Homo-dimerization and ligand binding by the leucine-rich repeat domain at RHG1/RFS2 underlying resistance to two soybean pathogens

Ahmed Afzal, Ali Srour, Abhishek Goil, Sheeja Vasudaven, Tianyun Liu, Ram Samudrala, Navneet Dogra, Punit Kohli, Ayan Malakar, David A. Lightfoot

Research output: Contribution to journalArticle

Abstract

Background: The protein encoded by GmRLK18-1 (Glyma_18_02680 on chromosome 18) was a receptor like kinase (RLK) encoded within the soybean (Glycine max L. Merr.) Rhg1/Rfs2 locus. The locus underlies resistance to the soybean cyst nematode (SCN) Heterodera glycines (I.) and causal agent of sudden death syndrome (SDS) Fusarium virguliforme (Aoki). Previously the leucine rich repeat (LRR) domain was expressed in Escherichia coli.Results: The aims here were to evaluate the LRRs ability to; homo-dimerize; bind larger proteins; and bind to small peptides. Western analysis suggested homo-dimers could form after protein extraction from roots. The purified LRR domain, from residue 131-485, was seen to form a mixture of monomers and homo-dimers in vitro. Cross-linking experiments in vitro showed the H274N region was close (<11.1 A) to the highly conserved cysteine residue C196 on the second homo-dimer subunit. Binding constants of 20-142 nM for peptides found in plant and nematode secretions were found.
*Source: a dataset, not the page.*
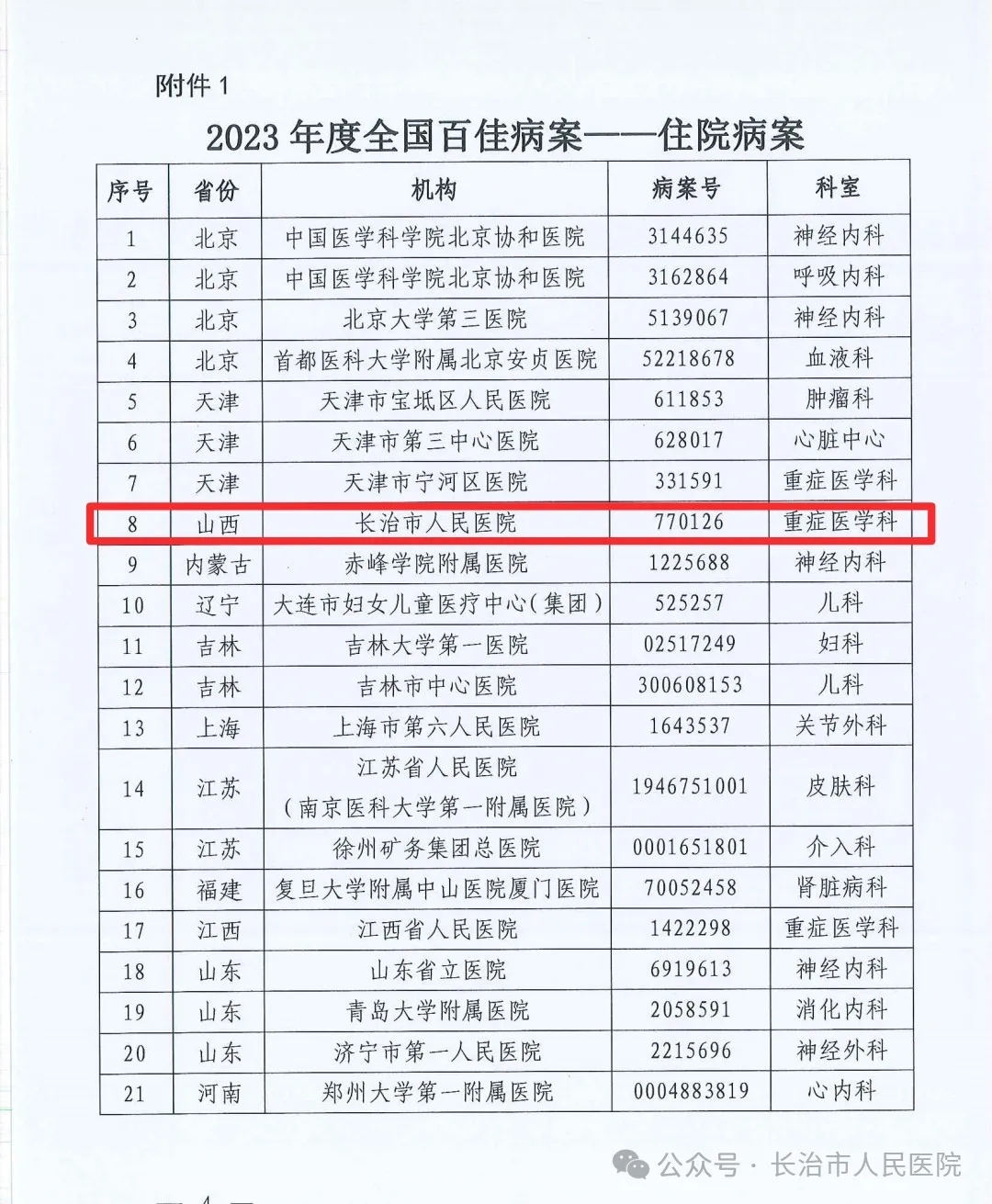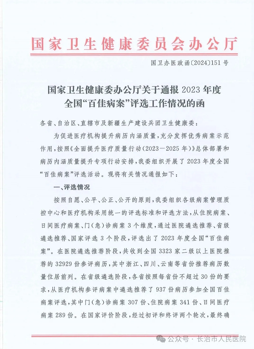 近日,在国家卫生健康委组织开展的2023年度全国“百佳病案”评选活动中,山西省医院协会常务理事单位——长治市人民医院选送的重症医学科王玮玮医生病案荣获“全国百佳病案”荣誉。此项殊荣系全国百佳病案40份“住院病案”中入选的山西省唯一一个优秀病案。

Effects on plant phenotypes including wilting, stem bending and resistance to infection by SCN were observed when roots were treated with 50 pM of the peptides. Far-Western analyses followed by MS showed methionine synthase and cyclophilin bound strongly to the LRR domain. A second LRR from GmRLK08-1 (Glyma_08_g11350) did not show these strong interactions.Conclusions: The LRR domain of the GmRLK18-1 protein formed both a monomer and a homo-dimer. The LRR domain bound avidly to 4 different CLE peptides, a cyclophilin and a methionine synthase. The CLE peptides GmTGIF, GmCLE34, GmCLE3 and HgCLE were previously reported to be involved in root growth inhibition but here GmTGIF and HgCLE were shown to alter stem morphology and resistance to SCN. One of several models from homology and ab-initio modeling was partially validated by cross-linking. The effect of the 3 amino acid replacements present among RLK allotypes, A87V, Q115K and H274N were predicted to alter domain stability and function. Therefore, the LRR domain of GmRLK18-1 might underlie both root development and disease resistance in soybean and provide an avenue to develop new variants and ligands that might promote reduced losses to SCN.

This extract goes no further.